Petroleum products marketers in Nigeria anticipate a nationwide fuel price reduction soon, driven by imported petrol costing N77 less per liter than Dangote Refinery’s gantry price of N799.
Abubakar Maigandi, president of the Independent Petroleum Marketers Association of Nigeria (IPMAN), shared this outlook in a Daily Post interview on Monday.
Data from the Major Energies Marketers Association of Nigeria (MEMAN) confirmed the import parity edge, creating fresh challenges for marketers amid Dangote’s call to shun costlier coastal supplies.

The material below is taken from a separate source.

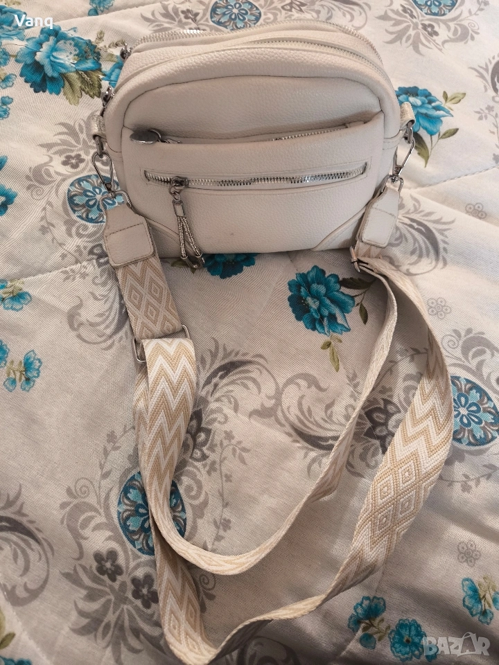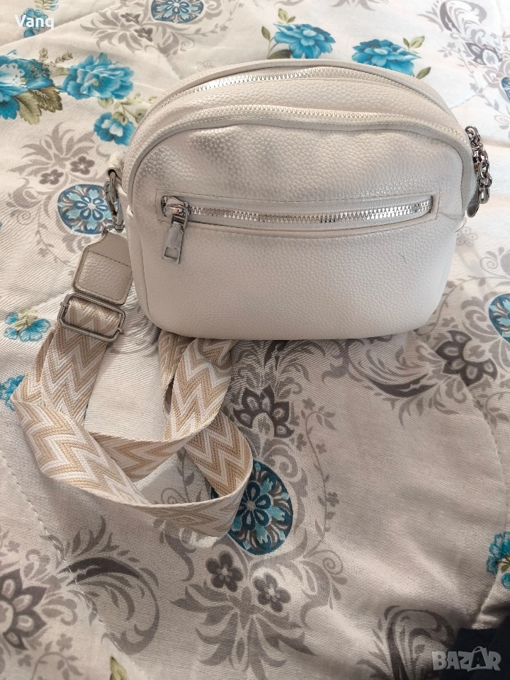 дамска чанта през рамо бяла .Дефекта е при закупуването не съм го видяла .Много отделения и прегради.

Retail prices currently hover at N839-N905 per liter in Abuja, but Lagos stations have dipped to N817—below Dangote-backed MRS outlets at N839—hinting at broader cuts.
Maigandi, noting 80% of IPMAN members source from Dangote, attributed price gaps to logistics and volume discounts: N20 off for over 2 million liters, N25 for 5 million-plus. “We recommend Dangote for his contributions,” he said, predicting competition from imports and future refineries will drive prices lower. Lagos sales hit N820-N825, Abuja N870-N875.
This follows Dangote’s January gantry hike from N699 to N799, reversing December vows of N739 retail. Crude traded at $64.36 (WTI) and $69.15 (Brent) per barrel Monday evening.